What a F*&#ing Hipster




I am a hipster. It's something that I've had to come to terms with all my life. Now granted, there are people much worse than I. I'm not really one of those hipsters with their nose in the sky, boasting about their latest "discovered" band. When I was a kid, being the youngest in my family caused me to feel this constant need to fit in with the older crowd, which meant I had to play the part: a hipster. But that bad news is that I started early. Like, really early.

My siblings and cousins were a poor influence on me. At the age of 8, I bought my first Green Day CD. At age 10, I started shopping at Hot Topic instead of Hollister. But most of all... I started watching the OC religiously. It is my favorite show to this day, and it created a huge wave of hipsters. Me included. I bought a Princess Sparkles t-shirt at age 13. (For those of you who don't know who that is, go watch the OC.) In 2006, the "dorky" trend took over so naturally, I joined in.

Yes, those are fake glasses.

This is me in 2007. I'm wearing a Rocket Summer t-shirt (signed by Bryce Avery), red tights, a vest from goodwill and a bow headband, as well as those stupid rubber bracelet things. I am ashamed of this picture.




In 2008 came the "cool hat" vintage-look. This was my first profile picture on Facebook. I am a photographer (no really, I am) but this looks like it came straight out of an Urban Outfitters ad.

Another "cool hat" picture.

The next trend that came along was buying ugly clothes to seem cool. (Yes, I know that's dumb.) I would troll mainstream stores like GAP and Target looking for the ugliest thing I could find. And the summer of 2008, it was this sweater:

Hideous, right? Well, I thought it was gonna make me look like I wasn't trying so hard. But then of course, my cousin Mandy had to sweep in and take the hipster crown. She informed me that she had the same sweater as me. In my head I was like, "score!", but Mandy bought hers at a thrift store. She had won the hipster-off.

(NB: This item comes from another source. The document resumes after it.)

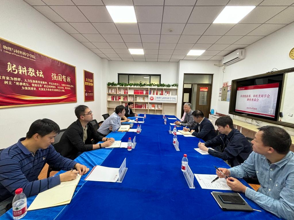 市歐美同學會綜合處處長、二級巡視員牛惠迎,市委統戰部五處副處長陳朋,市歐美同學會綜合處副處長于林、四級調研魏斌;天津師范大學留聯會常務副會長孟廣文、化學學院院長李春舉、經濟學院副院長胡東寧參加座談。

The worst thing is that I wasn't aware of my hipster nature until my brother informed me my freshman year of high school. But it still didn't stop, I just became more aware of it! Above is me in another planned outfit complete with Chucks and a vintage 50 mm camera. I disgust even myself.

Throughout high school, despite being on the speech/debate team and theatre and choir, I tried to mainstream and blend in, throwing away my hipster desires. Problem with that was, HIPSTERS BECAME COOL! Like, really popular! And I was screwed. So then I turned to the only other thing I could: I had to become the counterculture and make fun of them. It was easy for me because I secretly had the hipster in me. We even developed the phrase, "What a f#$%ing hipster..." whenever we saw "those people". Also, as fans of How I Met Your Mother, we were avid fans of the fart noise whenever someone got dangerously close to sounding like a hipster.




This is me at prom, in the most hipster place on earth, Mass Ave in Indianapolis. My friends and I decided to take "hipster pics" on this brick wall, and this was the result. Wanna know the funny thing? The only person who commented on this photo was my cousin Mandy who said she loved it (irony at its best).

I'm now making an effort to become less of a hipster and more of a real person. But there are times I fall to temptation.

Photographed in April, I'm wearing a cardigan with patches on the elbows, Toms (not Bobs), and of elusive skinny jeans.



And then there is the trip I took to the East coast where I felt entirely pressured to look on-point.




Think I did?

It was hard to sit through class on Monday because I knew that it was me that we were talking about. I hope everyone enjoyed my trip down memory lane. Maybe I'll bump into some of my fellow hipsters at the Muncie Goodwill (I'm there every week).

If anything, I hope this made you laugh or feel better about being a hipster.